Start of Block
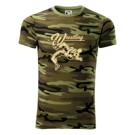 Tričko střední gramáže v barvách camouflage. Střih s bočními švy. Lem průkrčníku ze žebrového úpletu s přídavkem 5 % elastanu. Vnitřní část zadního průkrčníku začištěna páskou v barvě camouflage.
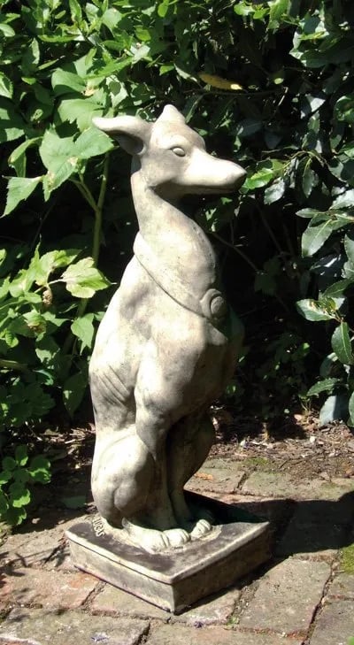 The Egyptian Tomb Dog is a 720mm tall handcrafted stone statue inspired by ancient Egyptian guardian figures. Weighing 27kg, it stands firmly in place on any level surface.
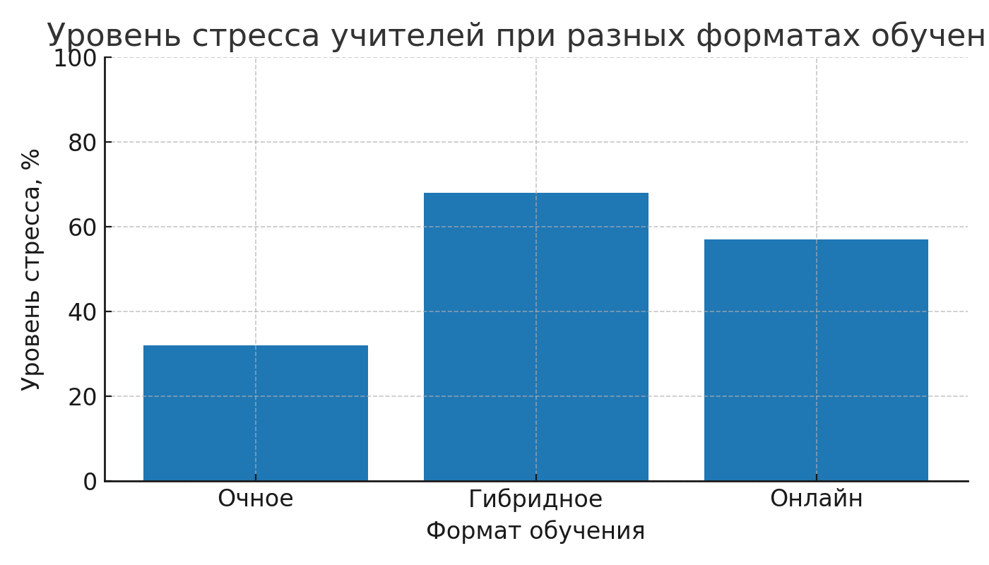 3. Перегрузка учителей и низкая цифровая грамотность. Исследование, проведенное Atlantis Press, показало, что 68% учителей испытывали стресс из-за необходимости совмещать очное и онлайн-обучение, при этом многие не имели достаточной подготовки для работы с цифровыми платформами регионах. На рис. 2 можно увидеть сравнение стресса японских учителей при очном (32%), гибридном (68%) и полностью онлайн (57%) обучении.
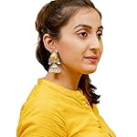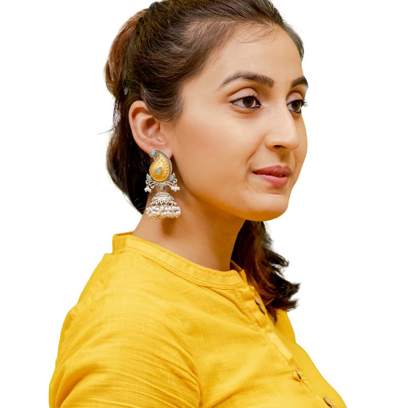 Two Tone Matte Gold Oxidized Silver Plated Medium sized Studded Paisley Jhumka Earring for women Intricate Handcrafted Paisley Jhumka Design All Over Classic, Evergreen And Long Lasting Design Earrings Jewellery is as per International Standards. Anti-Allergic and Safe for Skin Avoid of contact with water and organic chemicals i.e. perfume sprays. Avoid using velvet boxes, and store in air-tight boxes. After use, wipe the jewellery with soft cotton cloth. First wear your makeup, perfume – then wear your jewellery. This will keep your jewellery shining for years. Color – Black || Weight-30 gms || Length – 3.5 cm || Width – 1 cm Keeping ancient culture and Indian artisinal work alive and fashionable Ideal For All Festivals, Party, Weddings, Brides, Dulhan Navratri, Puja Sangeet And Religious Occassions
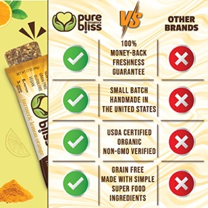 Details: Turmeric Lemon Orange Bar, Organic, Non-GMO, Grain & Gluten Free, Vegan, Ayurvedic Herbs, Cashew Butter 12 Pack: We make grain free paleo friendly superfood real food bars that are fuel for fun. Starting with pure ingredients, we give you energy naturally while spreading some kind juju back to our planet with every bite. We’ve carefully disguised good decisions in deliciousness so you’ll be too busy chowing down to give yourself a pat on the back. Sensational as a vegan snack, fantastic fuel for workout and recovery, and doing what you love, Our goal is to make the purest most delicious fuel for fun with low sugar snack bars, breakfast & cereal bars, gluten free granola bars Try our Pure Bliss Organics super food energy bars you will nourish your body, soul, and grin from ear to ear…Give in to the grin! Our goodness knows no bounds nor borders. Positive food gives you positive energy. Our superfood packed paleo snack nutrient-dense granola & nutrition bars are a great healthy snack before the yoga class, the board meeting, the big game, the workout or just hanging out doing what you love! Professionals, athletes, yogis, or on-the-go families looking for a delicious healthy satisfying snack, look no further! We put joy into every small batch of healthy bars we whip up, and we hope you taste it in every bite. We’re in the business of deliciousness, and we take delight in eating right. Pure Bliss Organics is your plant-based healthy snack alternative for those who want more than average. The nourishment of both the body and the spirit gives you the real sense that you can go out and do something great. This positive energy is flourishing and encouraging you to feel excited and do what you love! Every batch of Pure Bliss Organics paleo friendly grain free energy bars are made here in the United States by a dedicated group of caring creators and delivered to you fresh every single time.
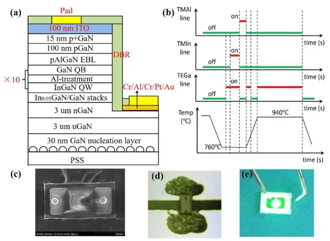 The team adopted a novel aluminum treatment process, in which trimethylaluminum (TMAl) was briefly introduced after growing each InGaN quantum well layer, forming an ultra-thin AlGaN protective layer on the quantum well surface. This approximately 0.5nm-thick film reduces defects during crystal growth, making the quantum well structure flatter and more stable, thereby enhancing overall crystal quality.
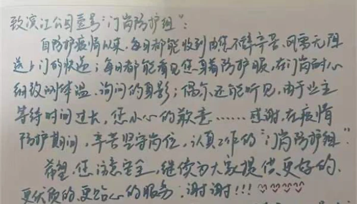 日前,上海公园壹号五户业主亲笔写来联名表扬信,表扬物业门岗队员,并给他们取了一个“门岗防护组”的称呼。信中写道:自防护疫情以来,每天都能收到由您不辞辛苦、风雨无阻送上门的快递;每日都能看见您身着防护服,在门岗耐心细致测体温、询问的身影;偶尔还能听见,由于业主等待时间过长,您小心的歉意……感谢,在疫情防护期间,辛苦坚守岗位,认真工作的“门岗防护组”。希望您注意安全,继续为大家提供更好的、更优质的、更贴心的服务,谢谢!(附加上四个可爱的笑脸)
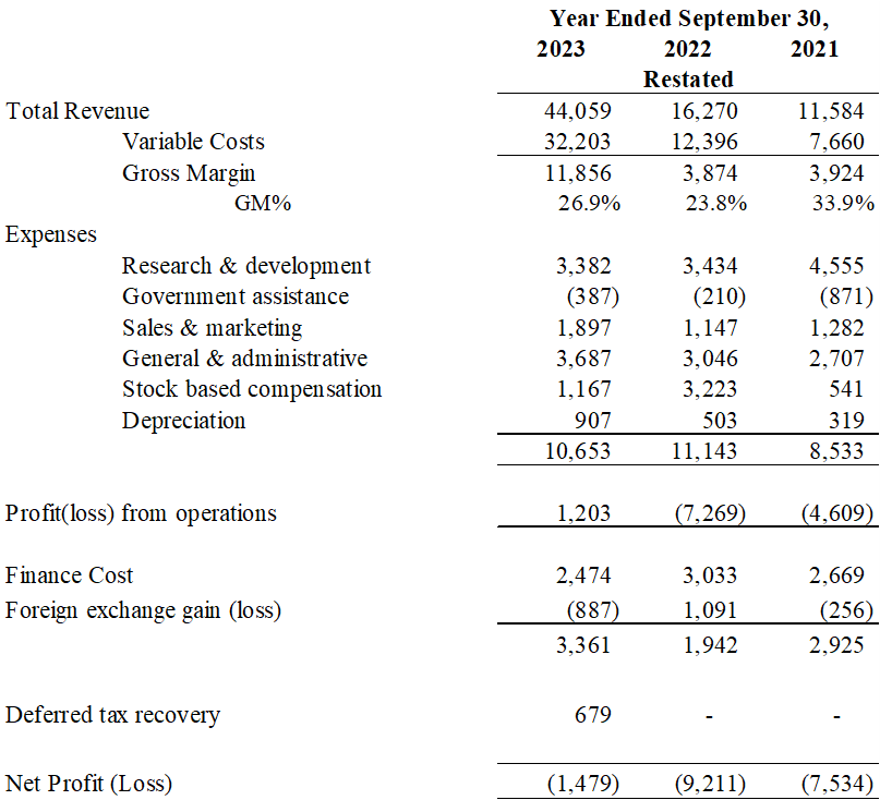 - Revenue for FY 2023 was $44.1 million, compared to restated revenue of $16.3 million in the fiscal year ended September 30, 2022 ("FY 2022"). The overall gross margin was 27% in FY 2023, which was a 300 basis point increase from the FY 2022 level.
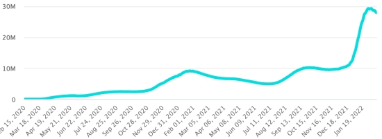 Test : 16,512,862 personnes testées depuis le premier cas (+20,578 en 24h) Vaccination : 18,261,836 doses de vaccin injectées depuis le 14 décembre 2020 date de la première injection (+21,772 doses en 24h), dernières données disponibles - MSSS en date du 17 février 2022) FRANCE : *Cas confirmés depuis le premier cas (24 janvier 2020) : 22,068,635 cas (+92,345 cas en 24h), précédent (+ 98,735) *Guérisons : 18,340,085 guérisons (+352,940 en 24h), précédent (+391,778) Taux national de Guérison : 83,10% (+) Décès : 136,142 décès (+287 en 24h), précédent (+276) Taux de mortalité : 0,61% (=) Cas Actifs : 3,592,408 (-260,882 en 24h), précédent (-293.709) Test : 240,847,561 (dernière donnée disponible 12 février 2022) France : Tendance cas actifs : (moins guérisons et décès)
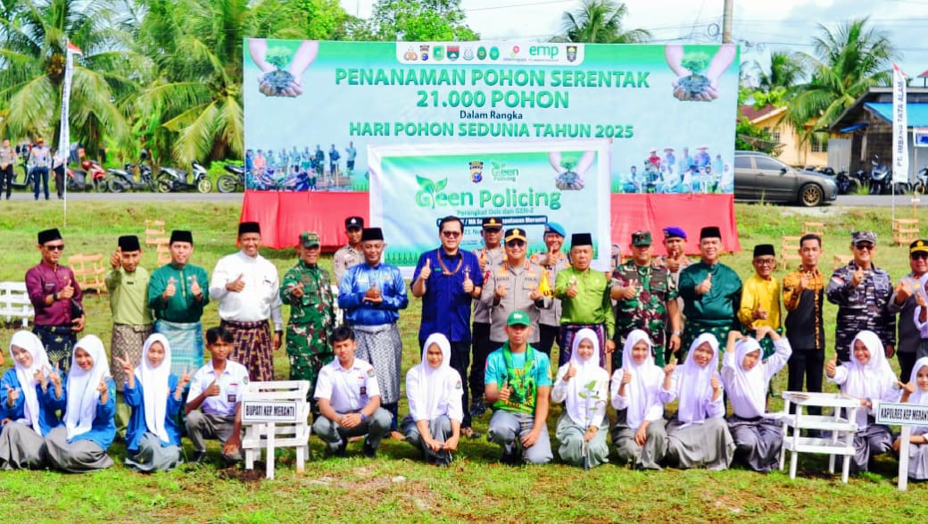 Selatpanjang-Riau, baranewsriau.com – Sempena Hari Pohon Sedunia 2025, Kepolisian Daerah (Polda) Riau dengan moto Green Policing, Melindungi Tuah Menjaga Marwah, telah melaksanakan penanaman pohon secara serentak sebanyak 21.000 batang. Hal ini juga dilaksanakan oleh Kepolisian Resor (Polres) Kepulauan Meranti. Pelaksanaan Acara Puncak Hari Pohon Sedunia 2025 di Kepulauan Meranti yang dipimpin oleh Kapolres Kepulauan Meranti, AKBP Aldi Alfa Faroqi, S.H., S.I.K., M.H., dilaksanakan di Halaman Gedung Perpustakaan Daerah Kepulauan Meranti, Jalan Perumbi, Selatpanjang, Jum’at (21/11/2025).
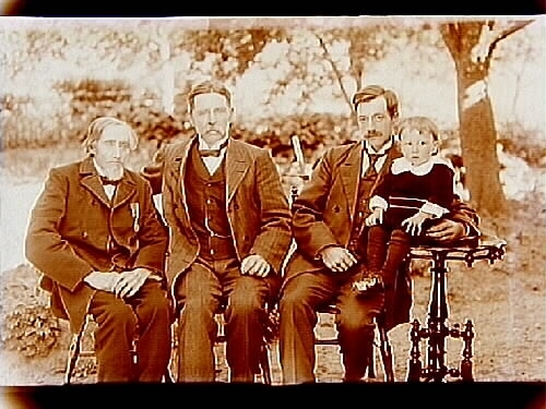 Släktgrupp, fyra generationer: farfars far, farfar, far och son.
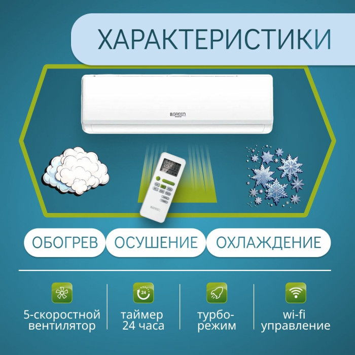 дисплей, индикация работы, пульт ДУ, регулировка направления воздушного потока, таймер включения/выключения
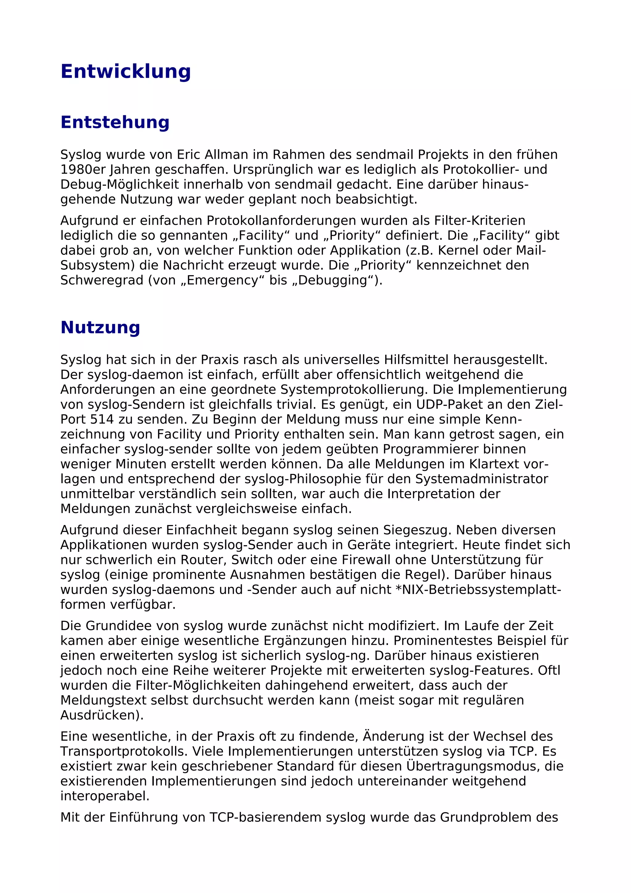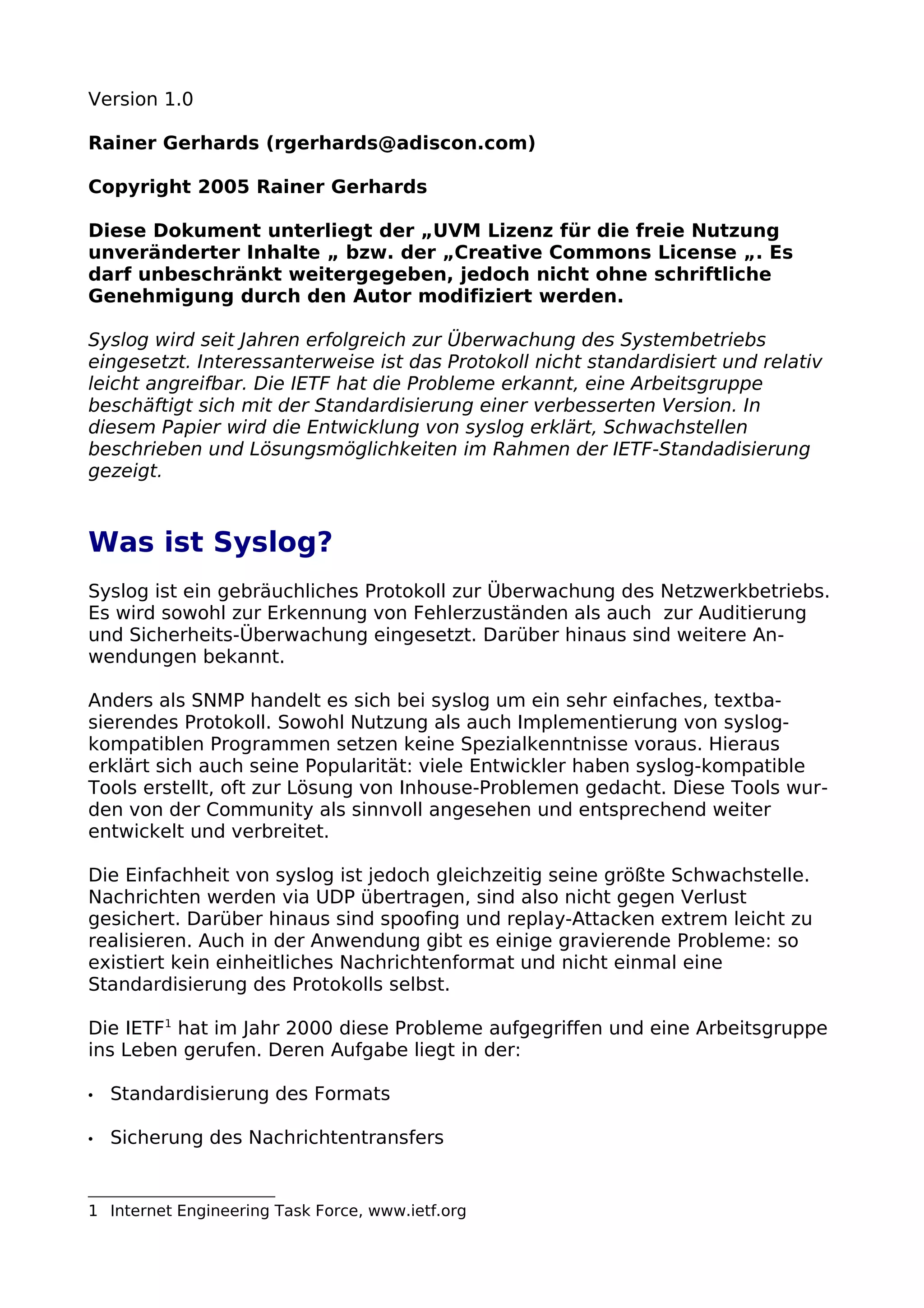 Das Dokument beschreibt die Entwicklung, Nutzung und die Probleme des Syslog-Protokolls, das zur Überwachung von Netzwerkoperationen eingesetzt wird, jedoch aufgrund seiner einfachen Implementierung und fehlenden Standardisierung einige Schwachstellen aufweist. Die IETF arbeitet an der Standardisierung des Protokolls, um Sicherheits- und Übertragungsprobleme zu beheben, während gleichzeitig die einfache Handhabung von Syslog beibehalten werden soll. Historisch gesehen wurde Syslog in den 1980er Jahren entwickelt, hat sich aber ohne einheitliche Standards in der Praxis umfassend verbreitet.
End of Block
What the exercise asks: All entries above, minus the pictures, should be repeated exactly.

Answer below:
 Tričko střední gramáže v barvách camouflage. Střih s bočními švy. Lem průkrčníku ze žebrového úpletu s přídavkem 5 % elastanu. Vnitřní část zadního průkrčníku začištěna páskou v barvě camouflage.
 The Egyptian Tomb Dog is a 720mm tall handcrafted stone statue inspired by ancient Egyptian guardian figures. Weighing 27kg, it stands firmly in place on any level surface.
 3. Перегрузка учителей и низкая цифровая грамотность. Исследование, проведенное Atlantis Press, показало, что 68% учителей испытывали стресс из-за необходимости совмещать очное и онлайн-обучение, при этом многие не имели достаточной подготовки для работы с цифровыми платформами регионах. На рис. 2 можно увидеть сравнение стресса японских учителей при очном (32%), гибридном (68%) и полностью онлайн (57%) обучении.
 Two Tone Matte Gold Oxidized Silver Plated Medium sized Studded Paisley Jhumka Earring for women Intricate Handcrafted Paisley Jhumka Design All Over Classic, Evergreen And Long Lasting Design Earrings Jewellery is as per International Standards. Anti-Allergic and Safe for Skin Avoid of contact with water and organic chemicals i.e. perfume sprays. Avoid using velvet boxes, and store in air-tight boxes. After use, wipe the jewellery with soft cotton cloth. First wear your makeup, perfume – then wear your jewellery. This will keep your jewellery shining for years. Color – Black || Weight-30 gms || Length – 3.5 cm || Width – 1 cm Keeping ancient culture and Indian artisinal work alive and fashionable Ideal For All Festivals, Party, Weddings, Brides, Dulhan Navratri, Puja Sangeet And Religious Occassions
 Details: Turmeric Lemon Orange Bar, Organic, Non-GMO, Grain & Gluten Free, Vegan, Ayurvedic Herbs, Cashew Butter 12 Pack: We make grain free paleo friendly superfood real food bars that are fuel for fun. Starting with pure ingredients, we give you energy naturally while spreading some kind juju back to our planet with every bite. We’ve carefully disguised good decisions in deliciousness so you’ll be too busy chowing down to give yourself a pat on the back. Sensational as a vegan snack, fantastic fuel for workout and recovery, and doing what you love, Our goal is to make the purest most delicious fuel for fun with low sugar snack bars, breakfast & cereal bars, gluten free granola bars Try our Pure Bliss Organics super food energy bars you will nourish your body, soul, and grin from ear to ear…Give in to the grin! Our goodness knows no bounds nor borders. Positive food gives you positive energy. Our superfood packed paleo snack nutrient-dense granola & nutrition bars are a great healthy snack before the yoga class, the board meeting, the big game, the workout or just hanging out doing what you love! Professionals, athletes, yogis, or on-the-go families looking for a delicious healthy satisfying snack, look no further! We put joy into every small batch of healthy bars we whip up, and we hope you taste it in every bite. We’re in the business of deliciousness, and we take delight in eating right. Pure Bliss Organics is your plant-based healthy snack alternative for those who want more than average. The nourishment of both the body and the spirit gives you the real sense that you can go out and do something great. This positive energy is flourishing and encouraging you to feel excited and do what you love! Every batch of Pure Bliss Organics paleo friendly grain free energy bars are made here in the United States by a dedicated group of caring creators and delivered to you fresh every single time.
 The team adopted a novel aluminum treatment process, in which trimethylaluminum (TMAl) was briefly introduced after growing each InGaN quantum well layer, forming an ultra-thin AlGaN protective layer on the quantum well surface. This approximately 0.5nm-thick film reduces defects during crystal growth, making the quantum well structure flatter and more stable, thereby enhancing overall crystal quality.
 日前,上海公园壹号五户业主亲笔写来联名表扬信,表扬物业门岗队员,并给他们取了一个“门岗防护组”的称呼。信中写道:自防护疫情以来,每天都能收到由您不辞辛苦、风雨无阻送上门的快递;每日都能看见您身着防护服,在门岗耐心细致测体温、询问的身影;偶尔还能听见,由于业主等待时间过长,您小心的歉意……感谢,在疫情防护期间,辛苦坚守岗位,认真工作的“门岗防护组”。希望您注意安全,继续为大家提供更好的、更优质的、更贴心的服务,谢谢!(附加上四个可爱的笑脸)
 - Revenue for FY 2023 was $44.1 million, compared to restated revenue of $16.3 million in the fiscal year ended September 30, 2022 ("FY 2022"). The overall gross margin was 27% in FY 2023, which was a 300 basis point increase from the FY 2022 level.
 Test : 16,512,862 personnes testées depuis le premier cas (+20,578 en 24h) Vaccination : 18,261,836 doses de vaccin injectées depuis le 14 décembre 2020 date de la première injection (+21,772 doses en 24h), dernières données disponibles - MSSS en date du 17 février 2022) FRANCE : *Cas confirmés depuis le premier cas (24 janvier 2020) : 22,068,635 cas (+92,345 cas en 24h), précédent (+ 98,735) *Guérisons : 18,340,085 guérisons (+352,940 en 24h), précédent (+391,778) Taux national de Guérison : 83,10% (+) Décès : 136,142 décès (+287 en 24h), précédent (+276) Taux de mortalité : 0,61% (=) Cas Actifs : 3,592,408 (-260,882 en 24h), précédent (-293.709) Test : 240,847,561 (dernière donnée disponible 12 février 2022) France : Tendance cas actifs : (moins guérisons et décès)
 Selatpanjang-Riau, baranewsriau.com – Sempena Hari Pohon Sedunia 2025, Kepolisian Daerah (Polda) Riau dengan moto Green Policing, Melindungi Tuah Menjaga Marwah, telah melaksanakan penanaman pohon secara serentak sebanyak 21.000 batang. Hal ini juga dilaksanakan oleh Kepolisian Resor (Polres) Kepulauan Meranti. Pelaksanaan Acara Puncak Hari Pohon Sedunia 2025 di Kepulauan Meranti yang dipimpin oleh Kapolres Kepulauan Meranti, AKBP Aldi Alfa Faroqi, S.H., S.I.K., M.H., dilaksanakan di Halaman Gedung Perpustakaan Daerah Kepulauan Meranti, Jalan Perumbi, Selatpanjang, Jum’at (21/11/2025).
 Släktgrupp, fyra generationer: farfars far, farfar, far och son.
 дисплей, индикация работы, пульт ДУ, регулировка направления воздушного потока, таймер включения/выключения
 Das Dokument beschreibt die Entwicklung, Nutzung und die Probleme des Syslog-Protokolls, das zur Überwachung von Netzwerkoperationen eingesetzt wird, jedoch aufgrund seiner einfachen Implementierung und fehlenden Standardisierung einige Schwachstellen aufweist. Die IETF arbeitet an der Standardisierung des Protokolls, um Sicherheits- und Übertragungsprobleme zu beheben, während gleichzeitig die einfache Handhabung von Syslog beibehalten werden soll. Historisch gesehen wurde Syslog in den 1980er Jahren entwickelt, hat sich aber ohne einheitliche Standards in der Praxis umfassend verbreitet.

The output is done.